Para conseguir la precisa información he
debido molestar en los organismos oficiales que pueden, o deben tener
archivados datos reales y concretos. Desgraciadamente, en esos organismos, por
disposición ministerial cada veinte años destruyen papeles y documentos
innecesarios. Por tanto, no pudieron atender mi petición. Por otra parte, mi
cortedad característica, siempre que trato de pedir un favor en mi beneficio, me
enclaustra en el caparazón de mi propia impotencia y no me deja otra
alternativa que consultar los escasos medios informativos que yo mismo voy
descubriendo. Hasta ahora sólo he dispuesto de algún que otro periódico viejo, coplas carnavaleras, datos
tomados de “Historia de las agitaciones campesinas andaluzas” del notario
de Bujalance, don Juan Díaz del Moral,
y, sobre todo, referencias personales de algunos amigos míos, muy viejecitos, a
los que la memoria les suele hacer jugarretas confundiendo sus recuerdos y …
pare usted de contar.
A esta falta de elementos informativos de
primera clase debemos culpar que la presente crónica sobre “los sucesos de La Línea” no vaya todo lo categóricamente hilvanada
como yo he deseado presentarla a la “Historia
en pantuflas”, o sea a la Historia
chiquita de los anales de nuestra ciudad.
Bien, pues terminado el preámbulo
justificatorio, empecemos.
Desde los primeros años del presente siglo,
y me atrevería a decir que desde los últimos del XIX, existía en el barrio de San Felipe, -también conocido por el barrio de los
Portugueses-, en una de sus principales calles, justamente en la de San Felipe, una sociedad obrera
denominada Centro de Oficios Varios,
la cual, durante las obras del puerto de Gibraltar
alcanzó un número de afiliados superior a los seis mil –según el reportaje de “Gabá” en el Heraldo de Madrid-. Cifra jamás superada por ninguna entidad social
linense en ningún tiempo posterior.
El Centro
Obrero lo componían en su mayor parte obreros picapedreros.

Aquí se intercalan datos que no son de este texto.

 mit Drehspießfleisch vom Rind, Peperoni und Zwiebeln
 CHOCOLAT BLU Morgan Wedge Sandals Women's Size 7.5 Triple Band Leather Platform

Los demás
gremios –hortelanos, albañiles, carpinteros, pintores, carboneros, camareros, etc-
formaban secciones minoritarias.
El ambiente reinante en el Centro era casi
igual al de todas las organizaciones obreras de España, es decir, francamente
socialista, entendiendo por socialismo no el que emanaba del Partido Socialista Español que, pese a
sus alternativas históricas, siempre tuvo un marcado signo moderado, sino el
que se entendía por socialismo revolucionario, federal y aliancista conforme a
la propaganda de republicanos federales y anarquistas. Estos dos sectores, cada
cual a su manera, anunciaban el avenimiento
de la revolución social, única forma de que la clase obrera se redimiese
de su secular estado de miseria social.
Los trabajadores, ingenuos como niños
grandes a fuer de ignorantes, se autodefinían con la fórmula tricefalita: “en política somos anarquistas; en economía,
comunistas; y en religión, ateos”. Se hipnotizaban oyendo frases de gran
efecto sicológico, como: “la tierra para
el que la trabaja”, “abajo la
explotación de hombre por el hombre”, “la religión es el opio que adormece a
los pueblos”, “los gobernantes son los verdugos, asesinos del pueblo, al
servicio del capitalismo” y muchas más de este jaez que causaban gran impacto
en la conciencia de todos.
Constantemente se formaban grupos de
oyentes alrededor de un obrero que medio sabía leer y, éste les leía la prensa
revolucionaria llegada del interior, incluso de Hispano-America. Cuando la
prensa faltaba leían folletos y manifiestos que tenían la propiedad de mantener
candente el ánimo y disponiéndolo para cualquier aventura futuro.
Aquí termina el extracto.